After christmas, I programmed a version of this where the rules were randomized (with a few obvious constraints) so you had about a million different puzzles you could try:
http://gtx0.com/projects/handgame/
You can also try specific puzzles by sharing that ?seed link.

The basic way the puzzles are generated works like this:

* Each finger can toggle between 1-4 fingers (toggling makes up fingers go down and down fingers go up)

* The script makes sure that any particular finger can be toggled by at least one other finger, but never by all five fingers.

The actual math puzzle here

Is there a mathematical way of figuring out which set of finger rules are solvable and which are not? I have a way of doing a deep search to figure it out manually, but that's not really practical when setting up new games randomly unless I go through all ~2^25 puzzles individually.

If it helps, the actual ?seed is set up like this:

* The seed is a decimal representation of a 5-bit binary number, ex -- 636580 = 10011011011010100100.
* This can be broken down into five chunks: 10011 , 01101 , 10101 , 00100
* Which then indicates which fingers each finger triggers (for example finger #2 triggers fingers 2, 3 and 5).

settingsOptions
There are 20 Replies

Fun game! I think the finger indicator should be more obvious, like a solid circle. Also, I think it's generating puzzles that can't be beaten? You can do a brute force check of all combinations from start to make sure the puzzle can be beaten before displaying.

Posted December 29th, 2018 by mariomguy

Fun game!


Thanks!

Also, I think it's generating puzzles that can't be beaten? You can do a brute force check of all combinations from start to make sure the puzzle can be beaten before displaying.

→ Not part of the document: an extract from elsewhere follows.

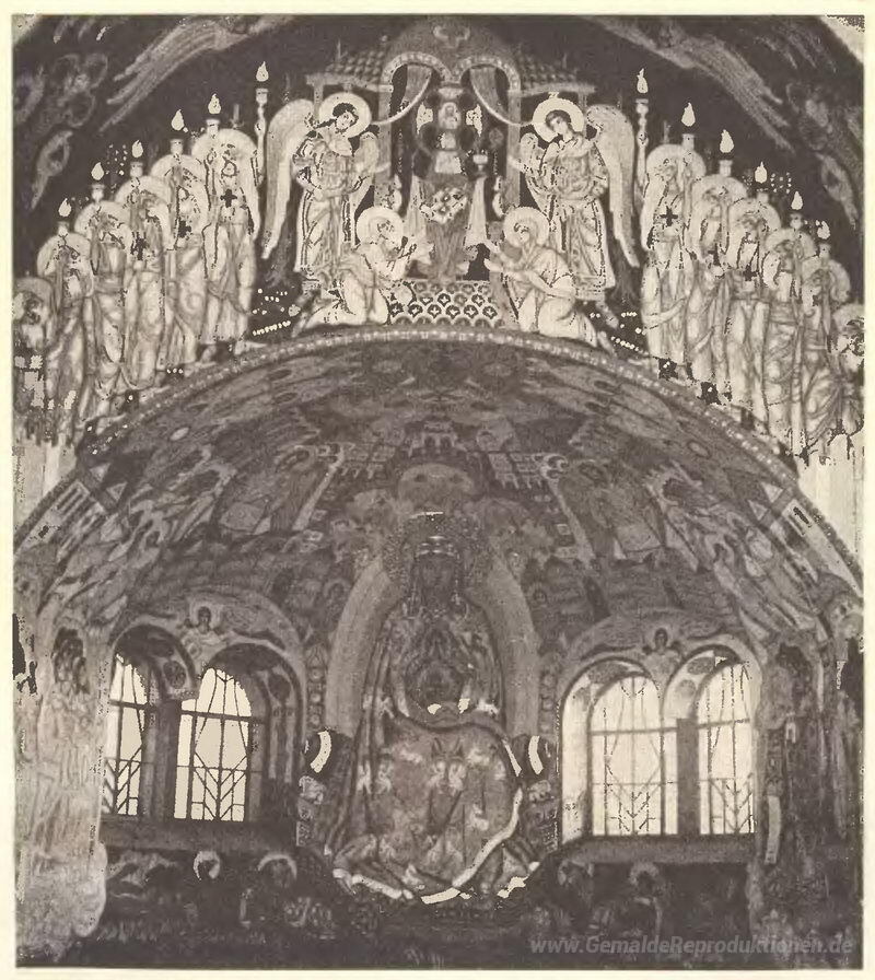 Wir bieten Ihnen eine handgefertigte Reproduktion auf Leinwand des berühmten Kunstwerks 'Interne Ausmalung der Kirche in Talashkino' von Nicholas Roerich, aus dem Reproduktionsmuseum.

Or I could try to crowdsource a mathematical solution to that problem :)

Posted December 29th, 2018 by Xhin
Xhin
Fractal icious

You could figure out the maximum combinations required to solve any hand puzzle, then do a brute force check on all possible combinations. If the check finds no solution, the puzzle is discarded.

Or, as you said, you could just have your program report which puzzles were solved in an array. If you have a 100% unsolved rate for certain combinations, make those combos appear less frequently on a logarithmic scale.

:P

Posted December 29th, 2018 by mariomguy

I do have a tool that does this, but as I pointed out, there are around 33,554,422 possible puzzles that I'd have to comb through. I was hoping there would be some kind of mathematical principles I could work with instead.

Posted December 29th, 2018 by Xhin
Xhin
Fractal icious

I think there are too many combinations to deal with for a perfectly clean mathematical solution. Any finger can control any number of other fingers, and you can more or less have the same fingers affecting the same ones in the same ways while still having a solution.

The next best thing is to just keep a record of what works and suppress those that don't. You can give the option for a random combination specifically to test unconfirmed combos, and the option to play only the winnable combinations. I think the "crowdsourcing" method is used for the Android Solitaire game. Brute force checking can help with this as well. If you can multithread such a task, most CPUs are very good at brute force calculations these days. Running both systems simultaneously would very quickly get you a list of millions of winnable solutions.

You don't need to be perfectly clean, you just need to be good enough.

Posted December 29th, 2018 by mariomguy

@mariomguy:

The game is now solvable in all cases. You can also click "Show solution" to see the solution, although it'll subtract 2 from your score (a net of -1 after you solve it):



The new engine works like this:

* Four of the fingers get randomized rules (they each trigger 1-4 fingers each). One of them won't have anything to do yet.
* The hand starts out with all of the fingers up
* Then, the engine will trigger a random finger 3-7 times. It's set up to not trigger the same finger twice in a row (since that would be pointless).
* The last finger that didn't have anything to do yet will trigger whichever fingers are up after all this.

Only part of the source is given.